WORK ITEM -
Only the lines from the start of the data through the line with "I wanted to" belong in the copy. Restate them word for word, minus the pictures.

MATERIAL SUPPLIED -
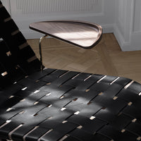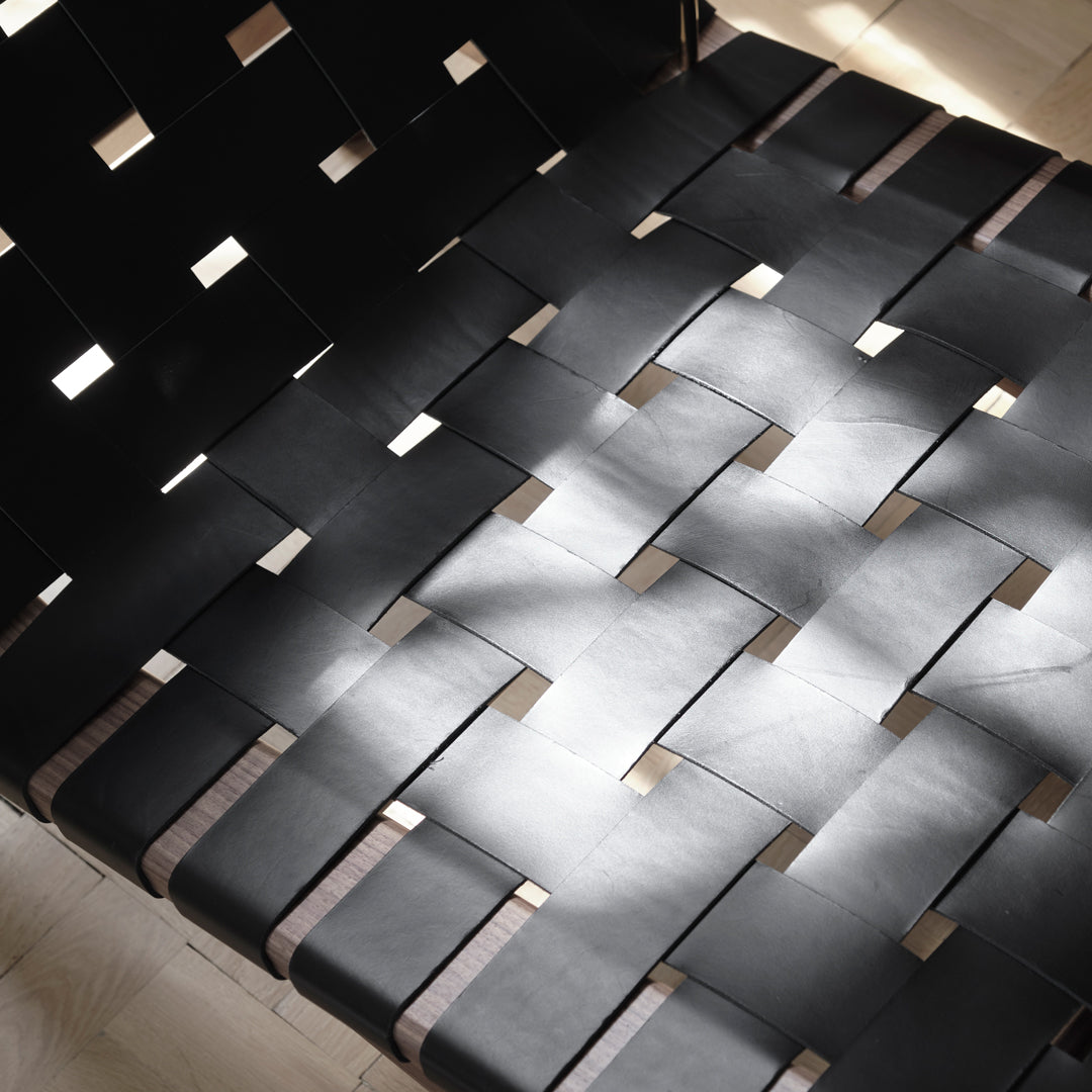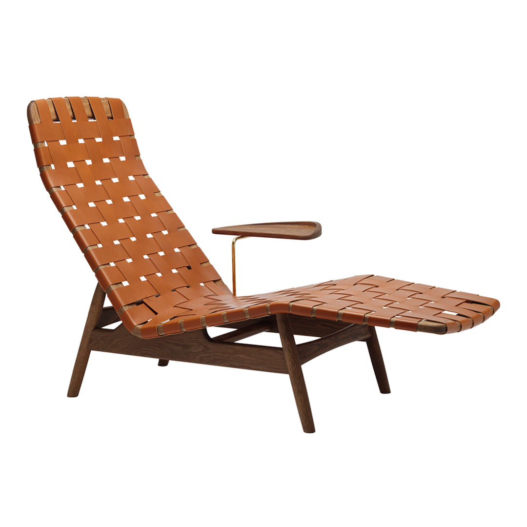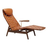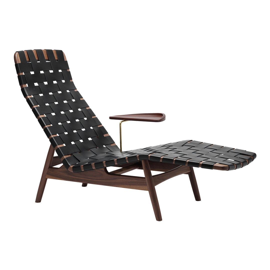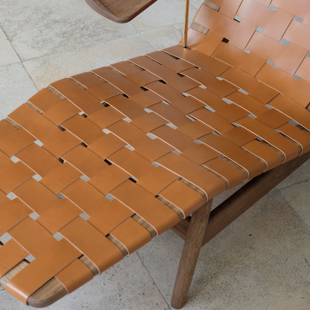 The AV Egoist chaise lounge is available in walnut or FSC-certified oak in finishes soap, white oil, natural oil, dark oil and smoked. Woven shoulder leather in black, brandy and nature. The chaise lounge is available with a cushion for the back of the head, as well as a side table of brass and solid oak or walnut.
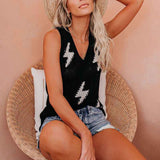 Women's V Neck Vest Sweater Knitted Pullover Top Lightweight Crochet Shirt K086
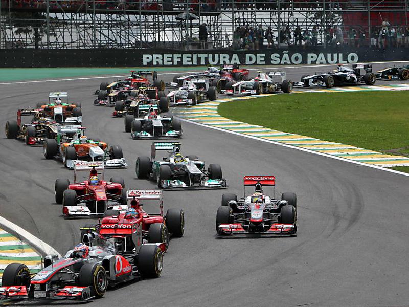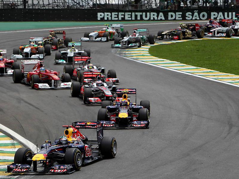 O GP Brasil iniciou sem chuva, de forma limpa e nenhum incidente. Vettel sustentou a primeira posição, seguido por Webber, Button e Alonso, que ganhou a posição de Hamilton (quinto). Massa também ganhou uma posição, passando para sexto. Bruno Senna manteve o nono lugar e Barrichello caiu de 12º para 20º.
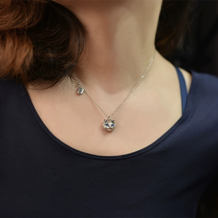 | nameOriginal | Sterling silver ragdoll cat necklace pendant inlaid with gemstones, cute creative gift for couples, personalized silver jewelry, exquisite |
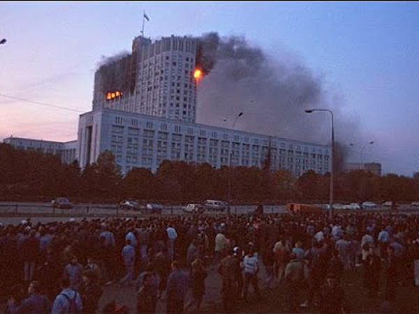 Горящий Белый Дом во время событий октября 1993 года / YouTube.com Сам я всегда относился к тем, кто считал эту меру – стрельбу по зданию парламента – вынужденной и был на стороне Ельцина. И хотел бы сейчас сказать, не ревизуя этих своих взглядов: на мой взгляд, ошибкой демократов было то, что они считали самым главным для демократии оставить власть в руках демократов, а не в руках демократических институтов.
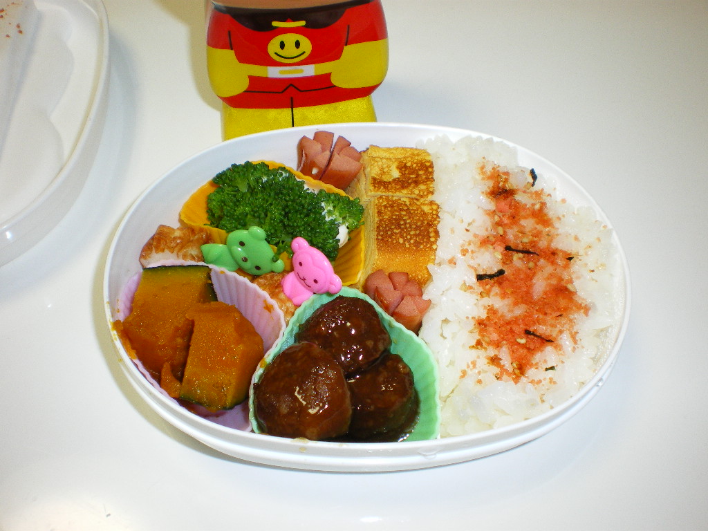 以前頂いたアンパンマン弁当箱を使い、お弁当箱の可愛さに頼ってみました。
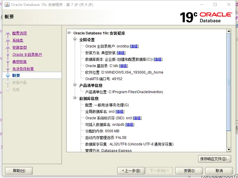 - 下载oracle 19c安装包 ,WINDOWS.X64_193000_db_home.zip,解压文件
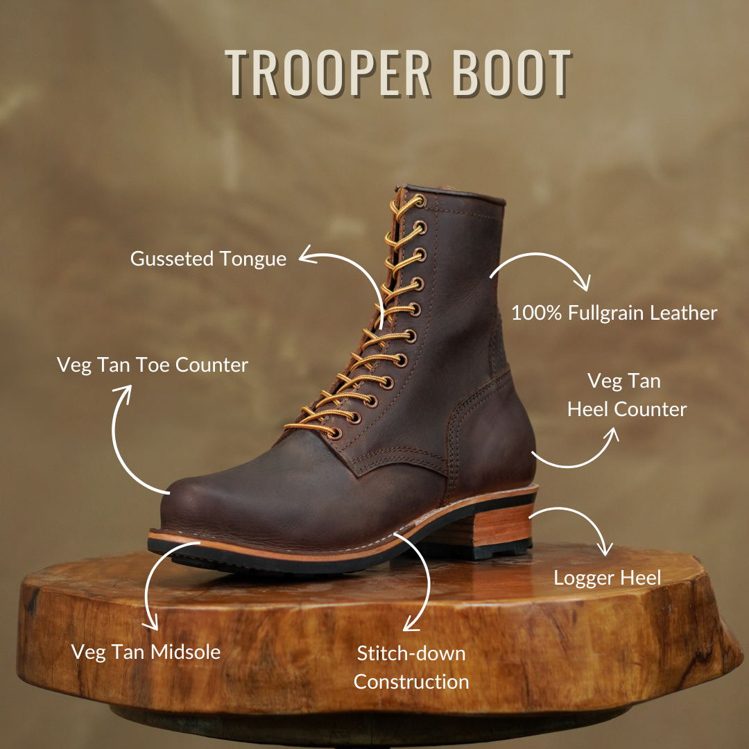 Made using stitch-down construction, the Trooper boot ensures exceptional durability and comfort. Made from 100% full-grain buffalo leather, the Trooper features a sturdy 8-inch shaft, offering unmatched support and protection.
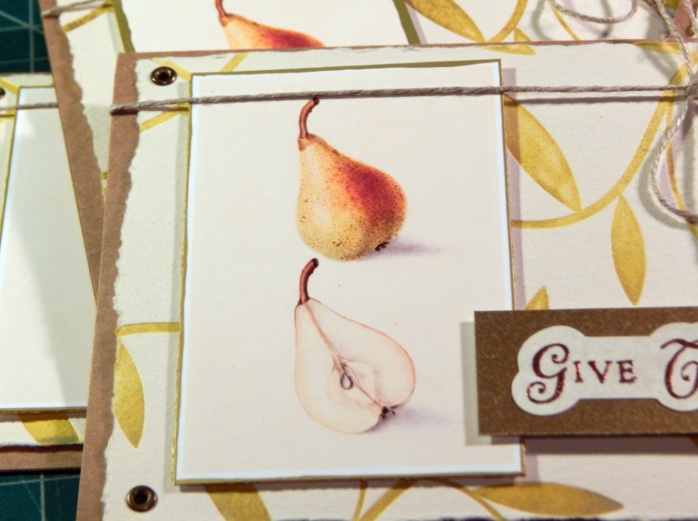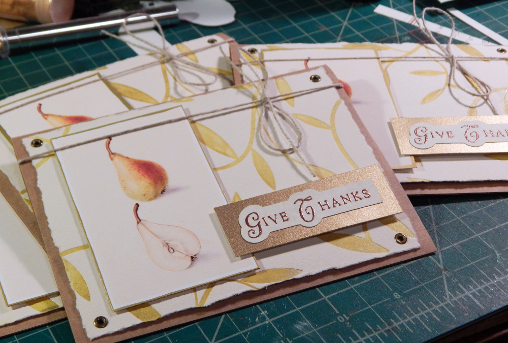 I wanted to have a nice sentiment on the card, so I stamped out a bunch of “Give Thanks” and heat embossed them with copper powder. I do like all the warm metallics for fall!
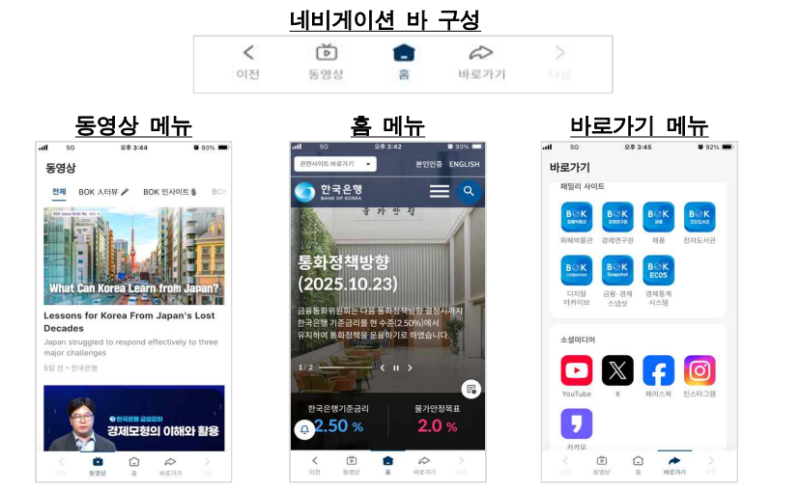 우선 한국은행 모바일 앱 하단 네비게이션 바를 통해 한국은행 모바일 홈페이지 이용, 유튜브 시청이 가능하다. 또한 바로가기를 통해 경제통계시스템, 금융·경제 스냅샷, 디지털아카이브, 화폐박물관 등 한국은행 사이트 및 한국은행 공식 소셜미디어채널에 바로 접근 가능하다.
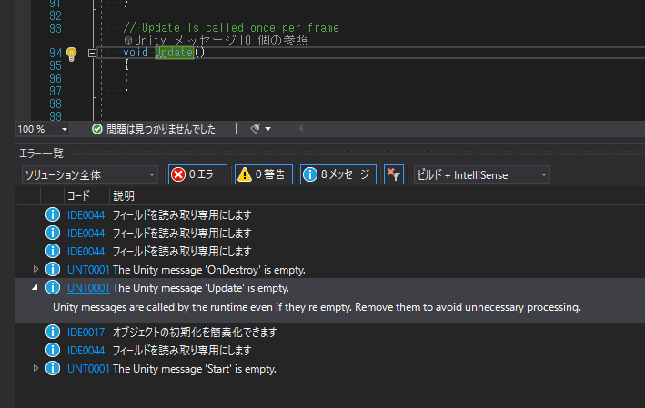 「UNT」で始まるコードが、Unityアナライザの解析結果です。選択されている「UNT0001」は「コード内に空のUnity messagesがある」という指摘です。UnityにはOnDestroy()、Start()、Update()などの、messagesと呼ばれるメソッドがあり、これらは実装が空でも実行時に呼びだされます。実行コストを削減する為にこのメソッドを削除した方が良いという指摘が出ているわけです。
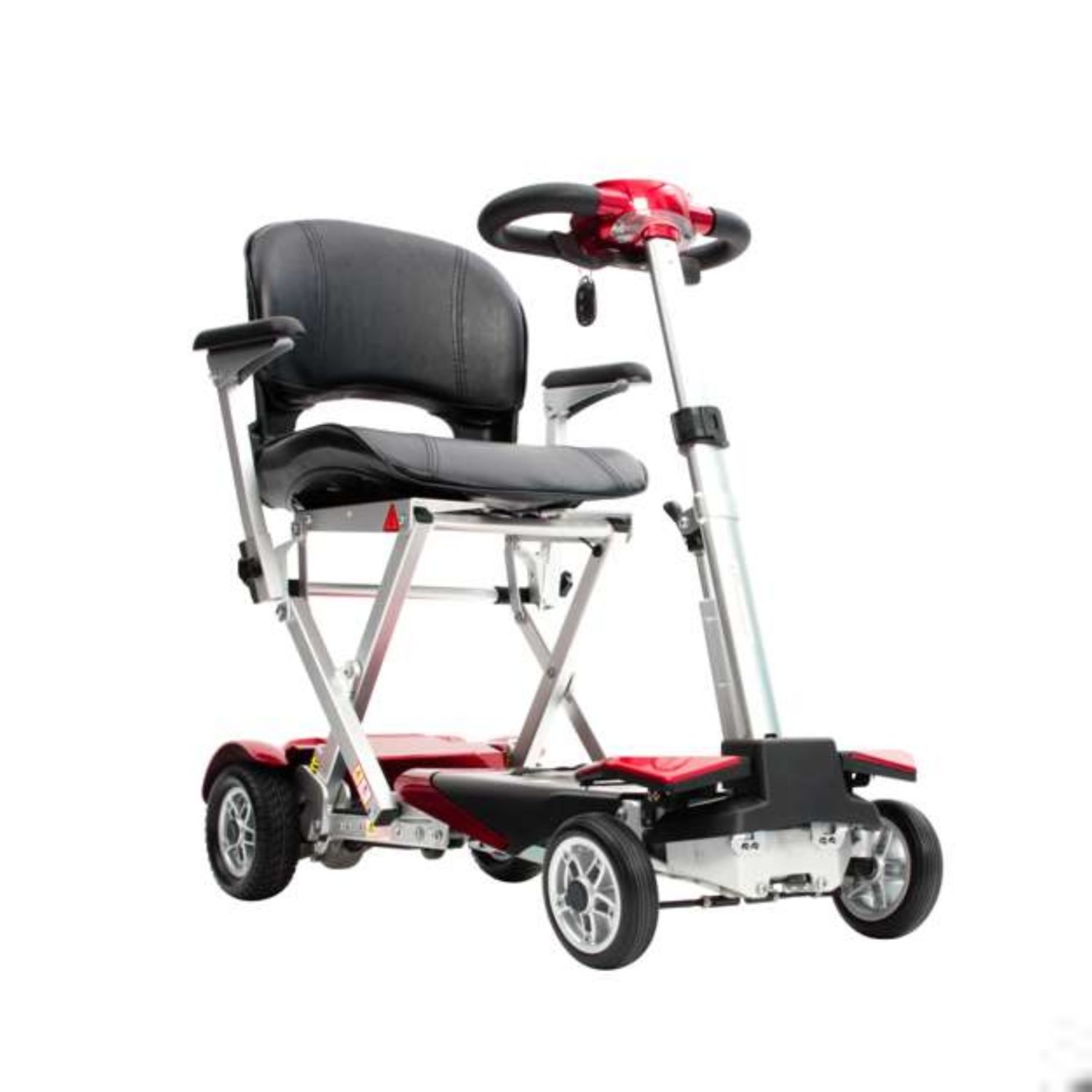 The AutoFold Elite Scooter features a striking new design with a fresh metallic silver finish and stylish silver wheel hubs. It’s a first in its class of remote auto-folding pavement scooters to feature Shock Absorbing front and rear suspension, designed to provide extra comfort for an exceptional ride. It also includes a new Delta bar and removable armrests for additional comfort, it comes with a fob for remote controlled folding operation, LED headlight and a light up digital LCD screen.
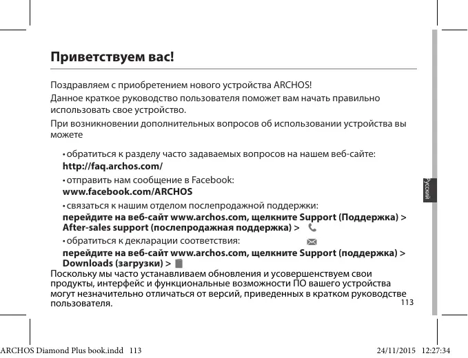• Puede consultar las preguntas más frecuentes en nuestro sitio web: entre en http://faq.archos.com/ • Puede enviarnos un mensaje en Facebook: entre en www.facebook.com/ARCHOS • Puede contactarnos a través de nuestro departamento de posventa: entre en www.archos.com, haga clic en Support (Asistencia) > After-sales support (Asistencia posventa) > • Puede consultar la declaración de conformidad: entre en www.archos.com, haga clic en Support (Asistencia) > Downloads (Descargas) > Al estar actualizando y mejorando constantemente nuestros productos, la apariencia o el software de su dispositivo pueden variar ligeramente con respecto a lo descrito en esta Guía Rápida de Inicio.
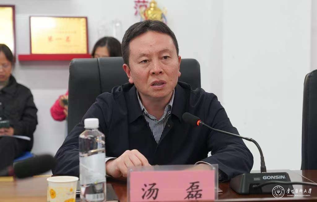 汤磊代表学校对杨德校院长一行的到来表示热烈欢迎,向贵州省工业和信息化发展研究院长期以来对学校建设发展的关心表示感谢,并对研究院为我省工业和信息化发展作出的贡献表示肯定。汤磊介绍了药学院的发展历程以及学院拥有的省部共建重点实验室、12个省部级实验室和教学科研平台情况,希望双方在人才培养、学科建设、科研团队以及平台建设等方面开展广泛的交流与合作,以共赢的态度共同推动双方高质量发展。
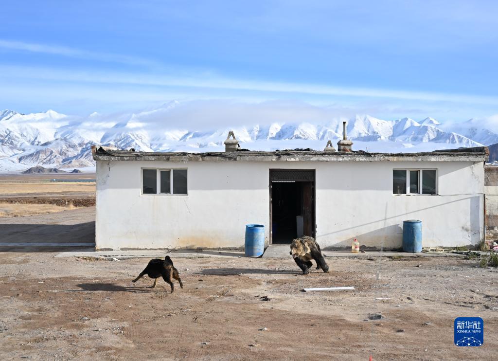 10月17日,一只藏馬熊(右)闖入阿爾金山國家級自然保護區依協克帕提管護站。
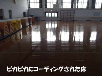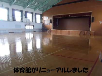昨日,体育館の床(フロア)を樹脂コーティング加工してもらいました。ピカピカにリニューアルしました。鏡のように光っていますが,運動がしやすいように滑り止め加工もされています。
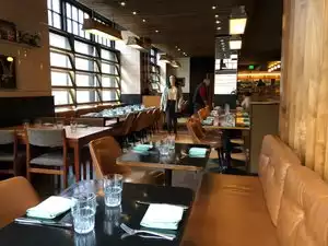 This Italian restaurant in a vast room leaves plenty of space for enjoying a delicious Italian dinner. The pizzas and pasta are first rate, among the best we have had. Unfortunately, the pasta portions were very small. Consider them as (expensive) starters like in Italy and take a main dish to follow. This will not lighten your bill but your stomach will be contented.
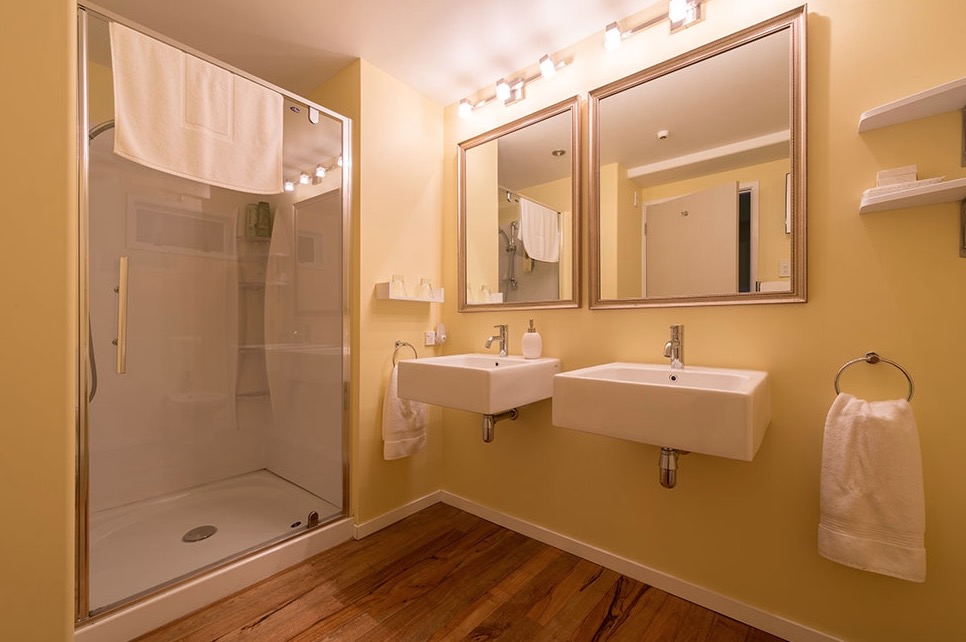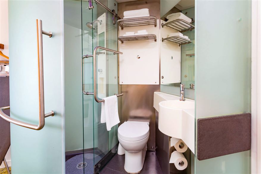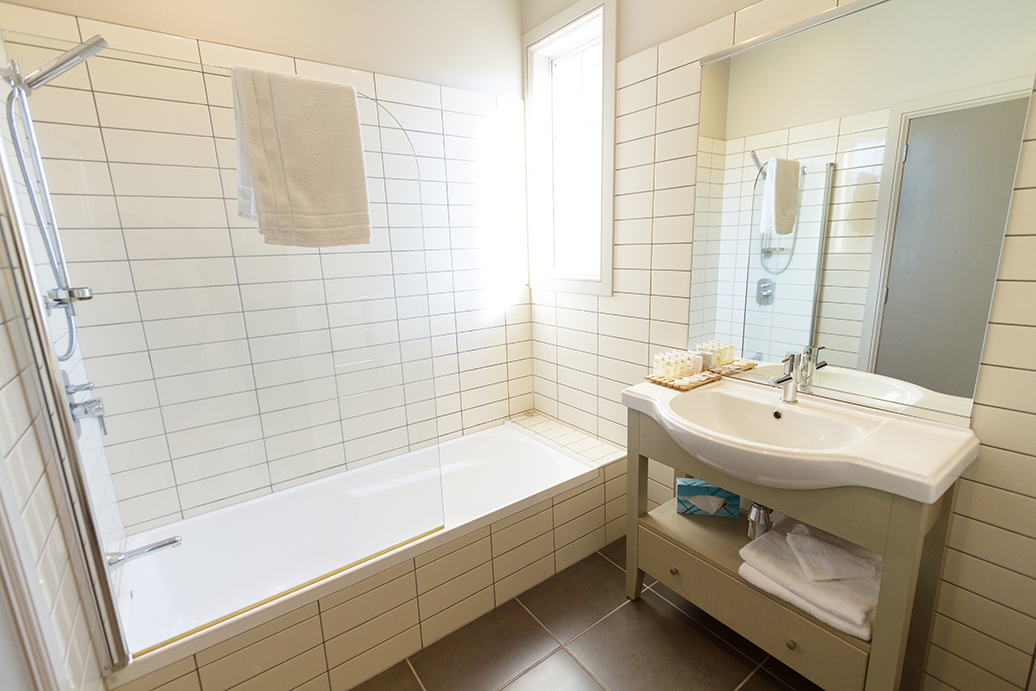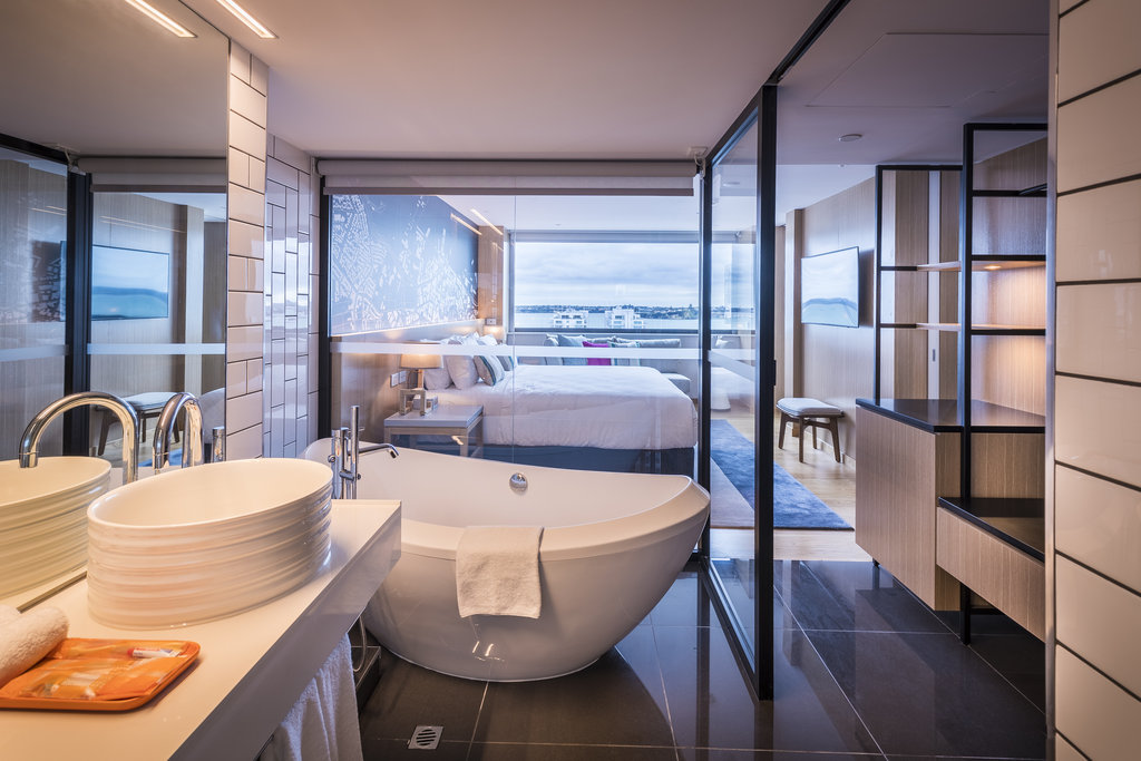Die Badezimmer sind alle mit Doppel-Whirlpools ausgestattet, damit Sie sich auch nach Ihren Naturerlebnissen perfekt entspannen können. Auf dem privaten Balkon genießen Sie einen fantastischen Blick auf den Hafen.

OUTPUT FOR THIS EXERCISE -
 The AV Egoist chaise lounge is available in walnut or FSC-certified oak in finishes soap, white oil, natural oil, dark oil and smoked. Woven shoulder leather in black, brandy and nature. The chaise lounge is available with a cushion for the back of the head, as well as a side table of brass and solid oak or walnut.
 Women's V Neck Vest Sweater Knitted Pullover Top Lightweight Crochet Shirt K086
 O GP Brasil iniciou sem chuva, de forma limpa e nenhum incidente. Vettel sustentou a primeira posição, seguido por Webber, Button e Alonso, que ganhou a posição de Hamilton (quinto). Massa também ganhou uma posição, passando para sexto. Bruno Senna manteve o nono lugar e Barrichello caiu de 12º para 20º.
 | nameOriginal | Sterling silver ragdoll cat necklace pendant inlaid with gemstones, cute creative gift for couples, personalized silver jewelry, exquisite |
 Горящий Белый Дом во время событий октября 1993 года / YouTube.com Сам я всегда относился к тем, кто считал эту меру – стрельбу по зданию парламента – вынужденной и был на стороне Ельцина. И хотел бы сейчас сказать, не ревизуя этих своих взглядов: на мой взгляд, ошибкой демократов было то, что они считали самым главным для демократии оставить власть в руках демократов, а не в руках демократических институтов.
 以前頂いたアンパンマン弁当箱を使い、お弁当箱の可愛さに頼ってみました。
 - 下载oracle 19c安装包 ,WINDOWS.X64_193000_db_home.zip,解压文件
 Made using stitch-down construction, the Trooper boot ensures exceptional durability and comfort. Made from 100% full-grain buffalo leather, the Trooper features a sturdy 8-inch shaft, offering unmatched support and protection.
 I wanted to have a nice sentiment on the card, so I stamped out a bunch of “Give Thanks” and heat embossed them with copper powder. I do like all the warm metallics for fall!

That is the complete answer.